Вознова, как ближайшего и главного инженерного начальника, предали военному суду, продолжавшемуся несколько лет и оконченному "совершенным оправданием генерала". Впоследствии он сделан был начальником инженерных округов Западной Сибири, но претерпленные под судом бедствия вовлекли его в хроническую болезнь и он сделался ее жертвой, скончавшись скоропостижно.

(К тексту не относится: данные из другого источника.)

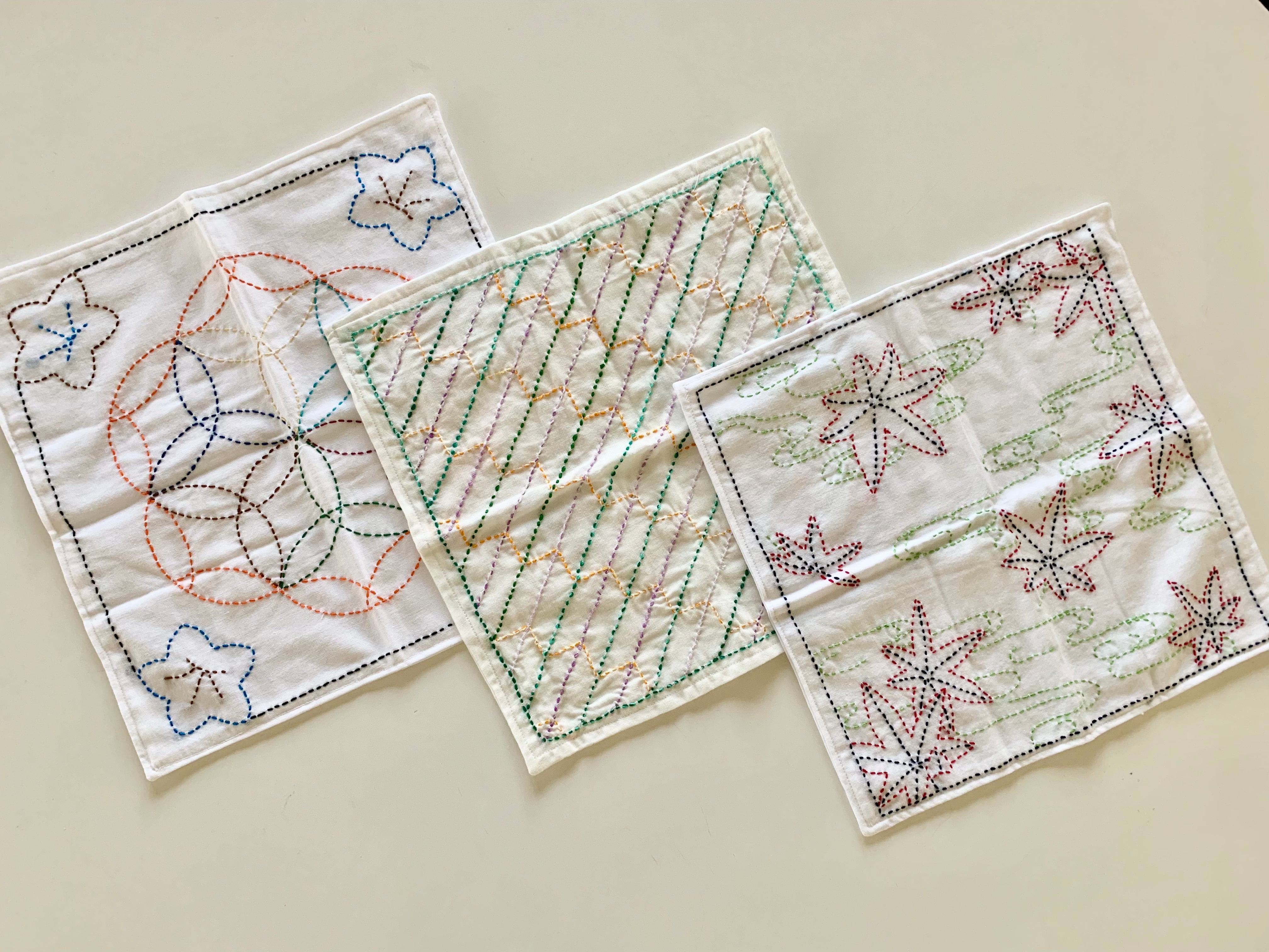 木綿の平織布を数枚重ね、木綿の糸で縫い合わせて模様を刺すことで布を丈夫にし、長く使えるようにしたものです。かつて、日本の一部の地域では女の子が最初に覚える針仕事だったとも言われています。また、むかしはお嫁に行く娘に持たせた、お母さんの愛情がこもった花嫁道具でもあったそうです。

По служебным обязанностям, я при всем душевном к нему уважении не мог быть при его погребении, но выхлопотали у командира л.-гв. гренадерского полка разрешение, по которому 12 заслуженных унтер-офицеров гвардии, украшенных многими знаками отличий, несли его гроб до могилы.
За это Софья Петровна благодарила меня со слезами, признаваясь, что не знает, как выразить мне свою признательность.
Я написал к ней письмо, в котором выразил, что "никакой благодарности не желаю и не заслуживаю, но был бы очень счастлив, если б она за глубокую любовь мою к ее почтеннейшему родителю согласилась отдать мне свою руку". Она объявила, что скажет свой решительный ответ по прошествии годового по отце траура.